YouTube says it’s accelerating its efforts to combat online extremism content with a new tack: made it harder to find them.
“While we and others have worked for years to identify and remove content that violates our policies, the uncomfortable truth is that we, as an industry, must acknowledge that more needs to be done. Now,” said Kent Walker, senior vice-president and general counsel of Google, in a blog post on Google.org and an op-ed in the Financial Times.
The prevalence of extremist content on YouTube became an issue again earlier this month when it was revealed one of the three attackers in the London Bridge terror incident June 3 had been influenced by YouTube videos of Ahmad Musa Jibril, a Dearborn, Mich., cleric popular who has developed an international following in recent years with ISIS fighters. The three attackers, who were killed by police, drove a van into pedestrians on London Bridge and got out of the van to stab others in a market, killing eight and injuring dozens of others.

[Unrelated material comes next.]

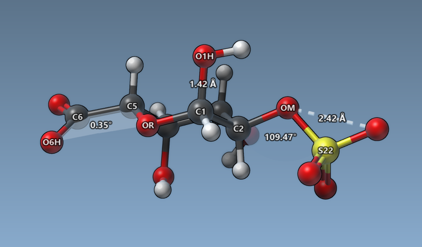 Click on three atoms to display the angle between the atoms.
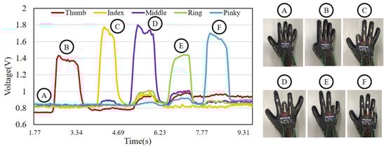 Figure 5 shows the raw data collected from the sensor glove during a functional test. The subject who performed the test is asked to fully curled her fingers one by one and the flexion reflects the change in the voltage signal. Different colors are used to represent the signals of the five fingers in Figure 5. The results show that the bending of each finger can be independently detected.

In March, Google and YouTube found themselves facing irate advertisers, with many pulling their business, after they found their ads played on videos promoting terrorism and extremist content on the video service. They moved to establish a 10,000-viewer requirement for access into its YouTube Partner Program, which lets creators earn revenue via ads running on their videos.
The tech giant also improved its use of machine learning technology to prevent ads from being automatically run with extremist or other violent content. Now it’s using that research to train its staff, and it’s rolling out other measures, including adding warnings to extremist videos and preventing comments, which will make it harder for them to get popular.